SOLID Principles

SOLID Principles

A brief introduction to Software Application Design using Object-Oriented Programming and SOLID Principle approach.

The SOLID Principles was proposed by Robert C. Martins (a.k.a Uncle Bob). The SOLID principles have changed the Object-Oriented Programming world forever. The word SOLID is an acronym that has five (5) different meanings, namely:

  • Single Responsibility principle.
  • Open/Closed principle.
  • Liskov's principle.
  • Interface Segregation principle.
  • Dependency inversion principle.

    These principles ensure that software designs are easy to understand, debug, and modularize. They also help to improve code maintainability and readability. Now, let us look at them individually with some code snippets in Java

    SINGLE RESPONSIBILITY:

    This principle states that a class must do one thing and one thing only. This means that a class must not be found doing too many unrelated things at the same time. This single responsibility makes it easy to test a class and its methods. This does not imply that a Class should have only one method, it only emphasizes that the methods of a class should be similar to the single purpose of that class.

    For instance,

Class Animal{

public int addAnimal(){...}
public String spreadingDiseases() {...}
public int calculateTotalDogs(){...}

}

The above code snippet shows that the Animal Class has three functionalities: addAnimal(), spreadingDiseases(), calculateTotalDogs() that are unrelated which violates the SOLID PRINCIPLES. To correct this, we split this class into three different classes to achieve the SOLID PRINCIPLES as follows:

Class Animal {
public int addAnimal(){...}
}
Class SpreadingAnimalDiseases{
public String spreadingDiseases() {...}
}
Class TotalDogsCalculation{
public int calculateTotalDogs(){...}
}

OPEN/ CLOSED PRINCIPLE:

This principle states that the application should be open to extension but closed for modifications. The open to extension means that our class is designed in such a way that it can accommodate more functionalities as new requirements are generated on the go! Based on this extension, we can further implement new functionalities to the module. But close for modification means that once a class has been developed, it cannot be modified except for debugging purposes. This sounds contradictory but the message here is, once you structure your classes and their dependencies correctly, you can always add extra functionalities without disrupting the source code that has been written, tested, and debugged. As such, you also reduce the chances of adding new bugs to the code which results in more robust software. These functionalities are added by creating new classes that implement this interface. Let's consider the following examples done using the code snippets below:

Supposed that StudentInfo is a class that has method studentNumber() that returns student number

public StudentInfo{
pulic int studentNumber(Student std){

if (std instanceOf PartTimeStudent){
return std.getNumber();
}
if (std instanceOf FullTimeStudent){
return std.getNumber();
}

}
}

Notice that, if we intend to add another subclass like GraduateStudent, we would attempt to do this by adding an extra if statement which violates the Open/Closed Principle (OCP).

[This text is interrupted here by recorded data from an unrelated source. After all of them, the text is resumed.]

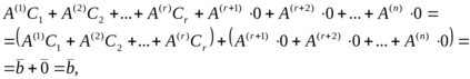 . Это означает, что среди столбцов обеих матриц есть r линейно независимых столбцов, а все остальные линейно выражаются через эти r столбцов. Не умаляя общности, положим, что линейно независимы первые r столбцов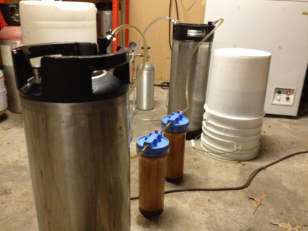 While I don’t have many pictures of the actual beer being brewed because I had to leave early, Brian was nice enough to send me a couple of photos of the EPA being filtered and kegged.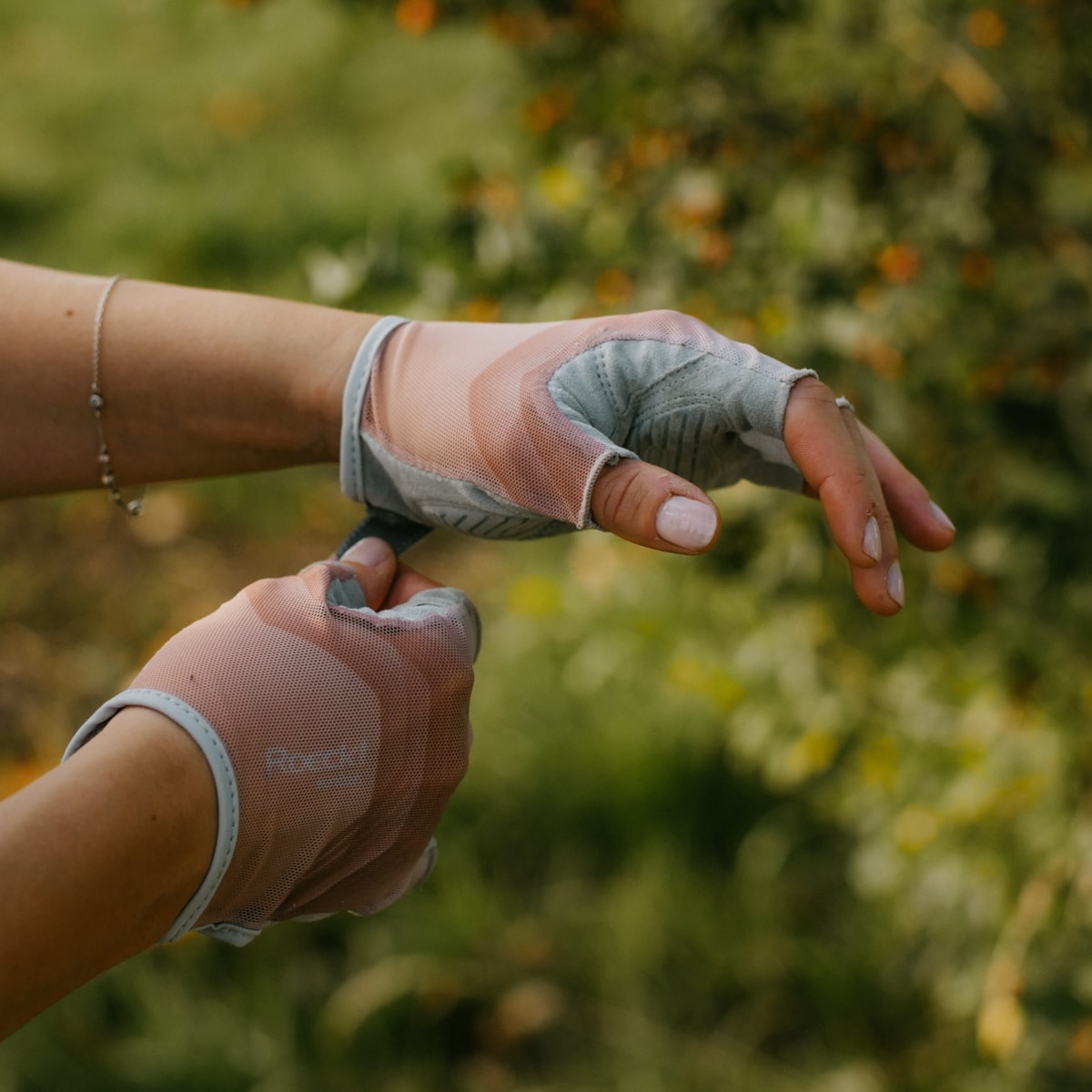 Sehr leichtes, offenporiges und durchbräunendes Oberhandmaterial aus 85 % recyceltem Polyester und 15 % Elasthan, für gleichmäßig sonnengebräunte Handrücken.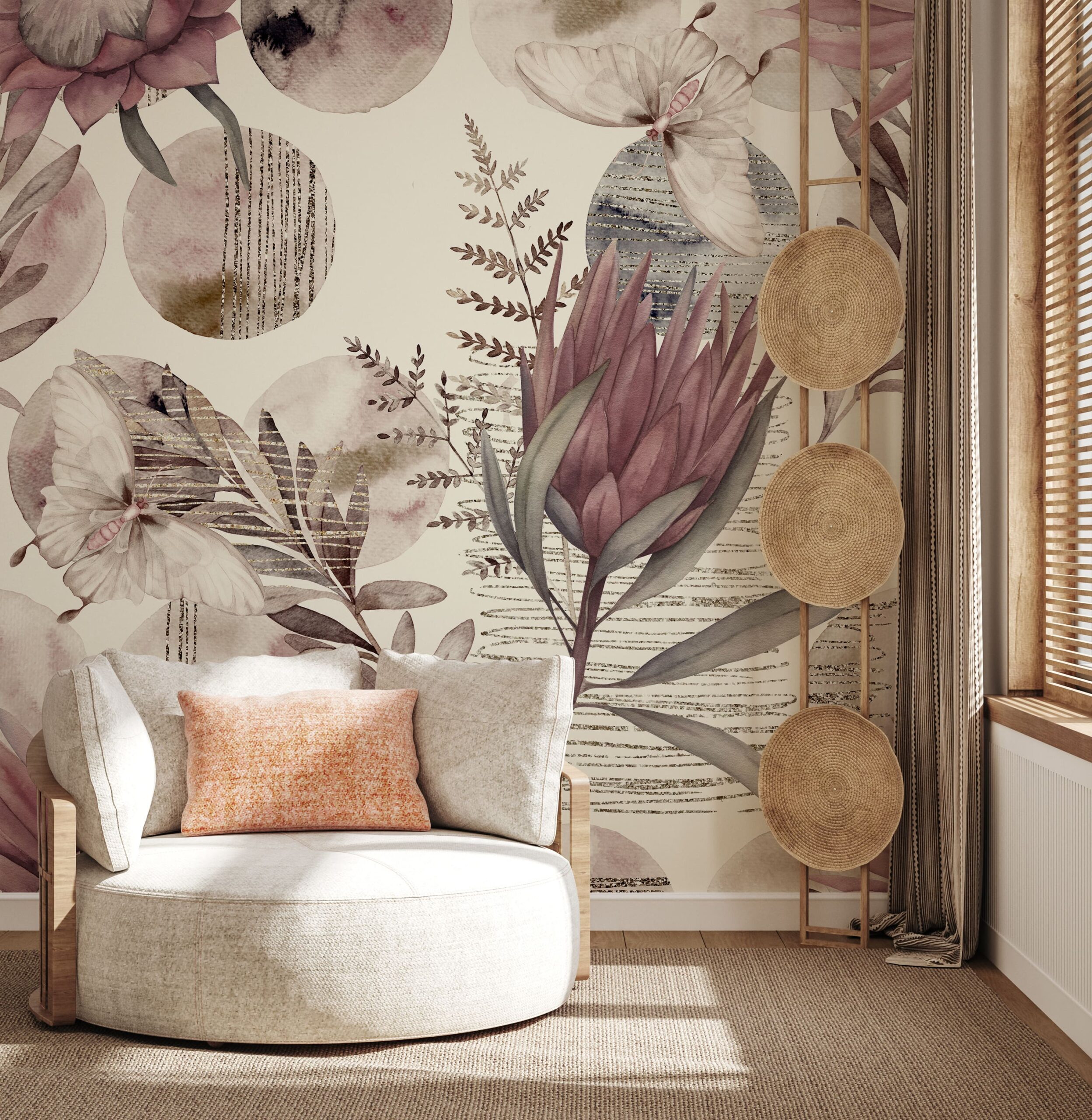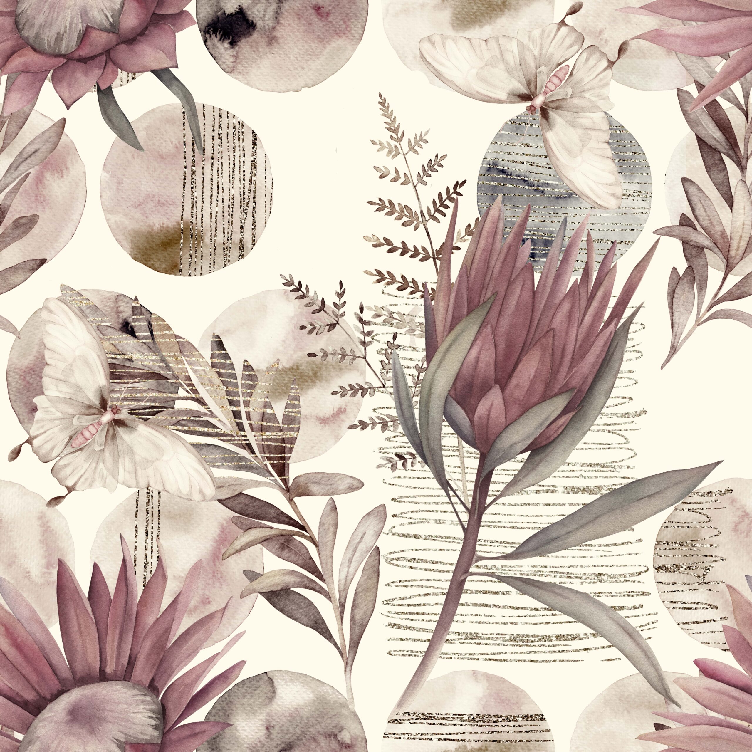 Verleihen Sie Ihrem Interieur mit der Wandtapete „Botanische Melodie“ eine einzigartige Atmosphäre. Dieses zarte, von der Natur inspirierte Aquarellmuster kombiniert Motive von Blumen, Blättern und Schmetterlingen mit sanften, gedeckten Farben in Rosa, Beige und Grau. Goldene Details und grafische Texturen verleihen der Komposition eine elegante und stimmungsvolle Atmosphäre voller Anmut.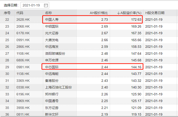 第二类是中字头公司,如电信三大运营商中国移动、中国联通、中国电信以及中国海洋石油。传统中字头公司值得投资者关注的有两点,首先是港股一直存在着相较于A股折价较大的情况,比如中国人寿、中芯国际、中国中冶等中字头A股的溢价率就超过110%以上,买入港股更加划算。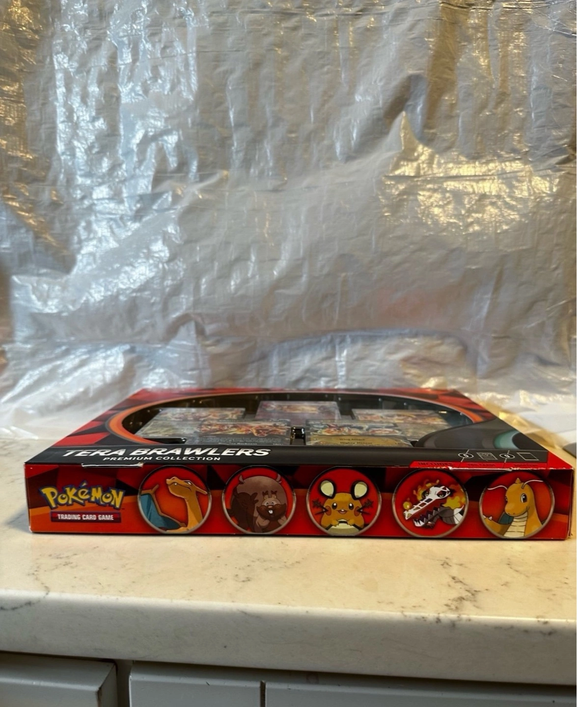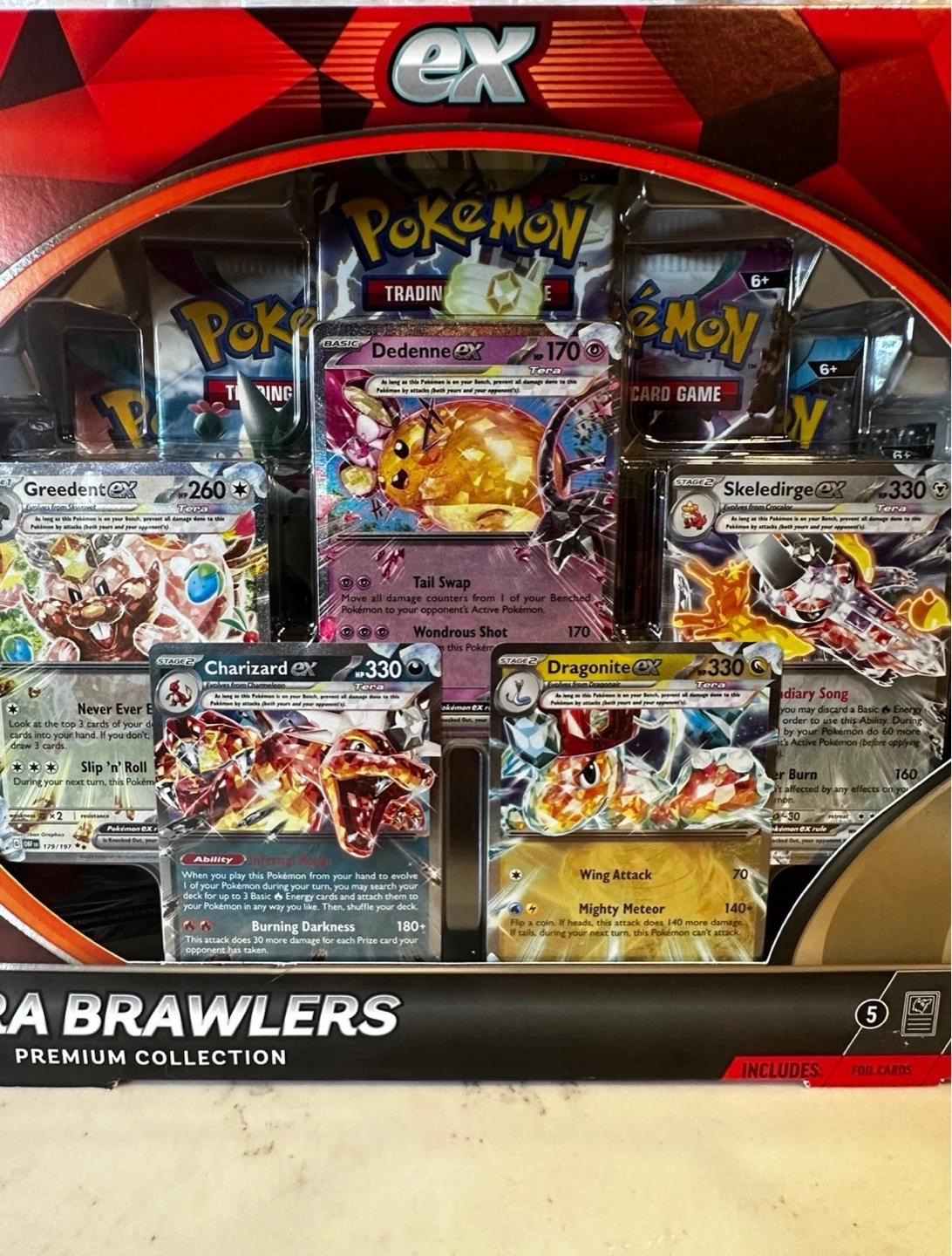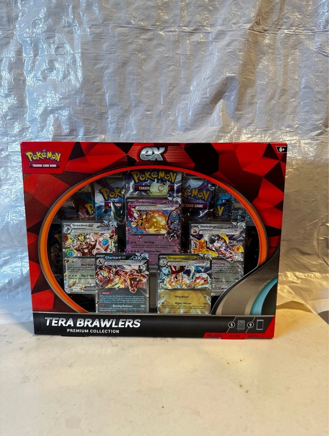 Sealed Pokemon Trading Card Game Tera Brawler Premium Collection. Includes 5 booster packs and multiple cards featuring Charizard, Dragonite, and more.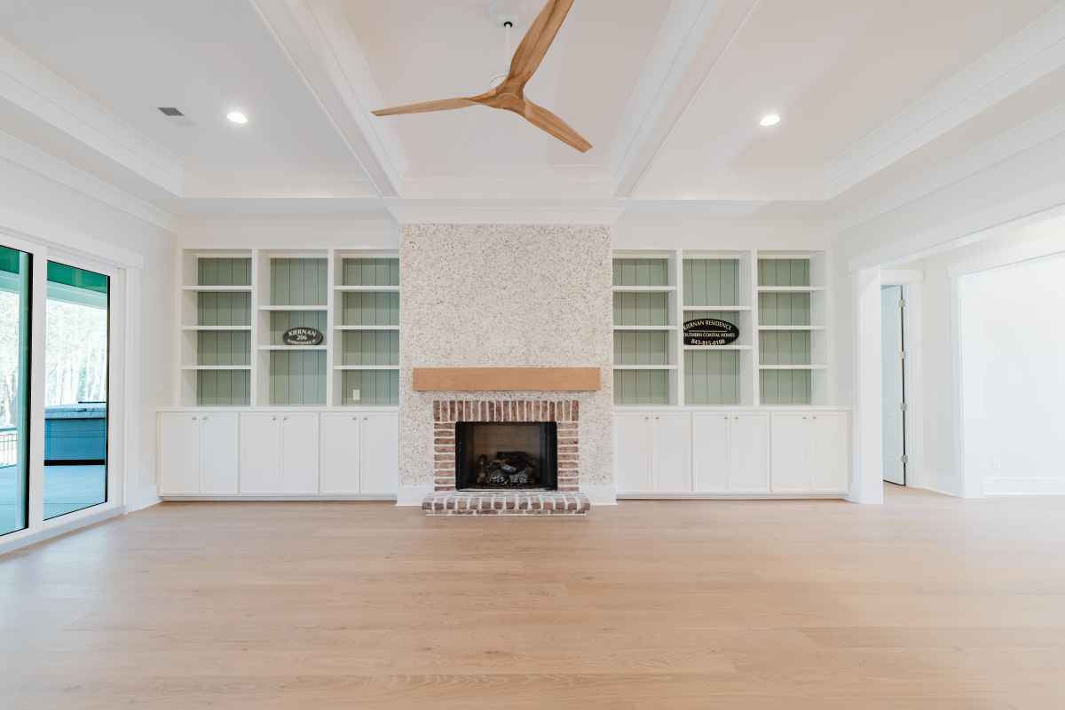 Custom built-in cabinetry with tabby and brick fireplace

A good attempt to achieve this is by overriding the studentNumber method as shown below:

public StudentInfo{
pulic int studentNumber()
{
     //functionality
}
pulic class PartTimestudent extends StudentInfo(){
pulic int studentNumber(){

return this.getValue();

}

}
pulic class PartTimestudent extends GraduateStudent{
pulic int studentNumber(){

return this.getValue();
}

}
}

This approach does not affect the application.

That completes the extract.